Güçlendirme veya güçlendirme

Anonim

Eski zamanlardan beri, kaynakların optimizasyonu ve kârın en az yatırımla maksimize edilmesi için sürekli olarak, yöneticiler, akademisyenler, araştırmacılar, felsefeleri geliştirmek için sayısız teknik, araç, strateji geliştirdi. kurumsal performans, örneğin: JIT (tam zamanında "Tam zamanında"), CT (toplam kalite "Toplam Kalite"), TQC (toplam kalite kontrol "Toplam Kalite Kontrol"), MRP (üretim gereksinimlerinin yönetimi " Yönetim Gereksinimi Üretimi "), yeniden yapılanma, kalite çemberleri, kendi kendine yönetilen gruplar, TPM (toplam üretim yönetimi" Toplam Üretim Yönetimi "), bazen uygulanmakta olan ve kuruluşun bir parçası olan diğerleri ise sadece Moda.

Ve böylece, zamanın, evrimin, gelişmenin, tüm alanlarda (sosyal, bilimsel, teknolojik ve entelektüel) devrimlerin geçmesiyle ve onlarla olgunluk ve farkındalıkla, bugün birçokları için yeni bir şeyle karşılaşıyoruz, yeni bir şey, diğerleri için tamamen çiçeklenmemiş bir şey, birçokları tarafından sindirilip kabul edilmeyi bitirmemiş bir şey, evet, ben "güçlendirme - güçlendirme" den bahsediyorum.

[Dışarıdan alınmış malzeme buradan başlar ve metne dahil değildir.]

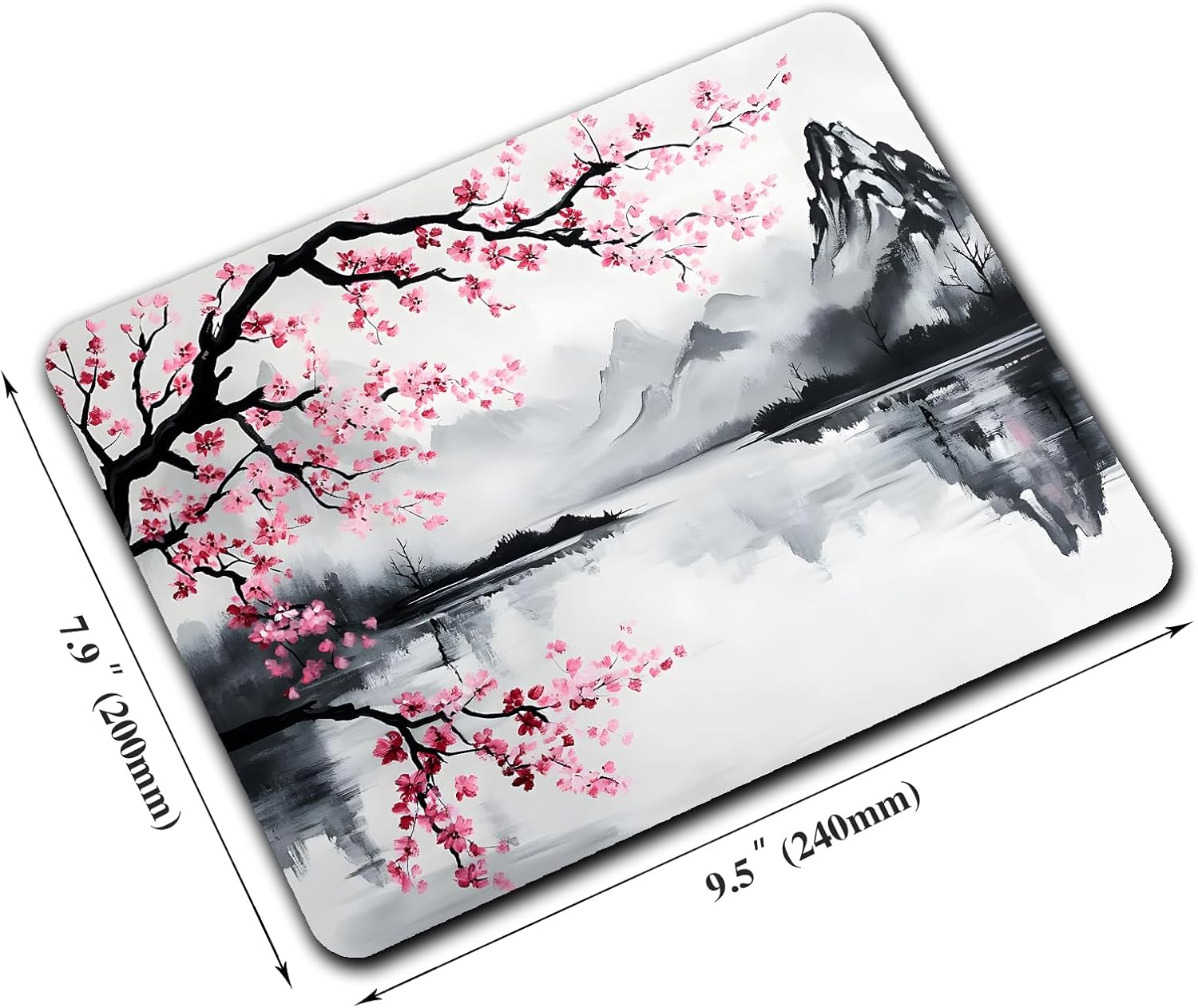 Japanese Cherry Blossom Mouse Pads for Desk, Portable Wireless Computer Mouse pad Small Design with Women, Non-Slip Rubber Base Laptop Mousepad 9.5" x 7.9" Smooth Surface for Office & Travel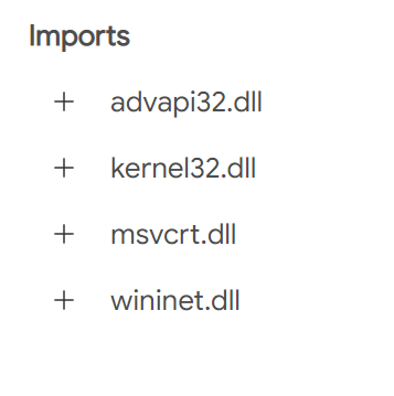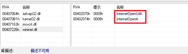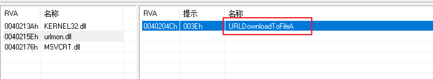看一些导入表内容, 其中最精彩的就是URLDownloadToFileA函数,代表其从远程服务器上下载了东西下来, 很可能就是从上面的url上下载:

"Güçlendirme" kelimesi "güçlendirme" fiilinden gelir ve şu anlama gelir: güç vermek veya vermek; yetkilendirme, etkinleştirme, yetkilendirme, yetkilendirme, yetkilendirme, yetkilendirme, izin verme, yetkilendirme, yetkiler verme, yetkiler verme, yetkilendirme, komisyon, diğer anlamlar. İspanyolcada, eşdeğer bir kelime yoktur. Güçlendirme, güçlendirme, güçlendirme veya gücün ilişkilendirilmesi terimleriyle yaklaşık bir anlam verilecektir. Sykes, özerklik duygusu, kontrol duygusu ve güçlenmiş hissetme duygusu gibi terimde ima edilen olumlu hedefi vurgular.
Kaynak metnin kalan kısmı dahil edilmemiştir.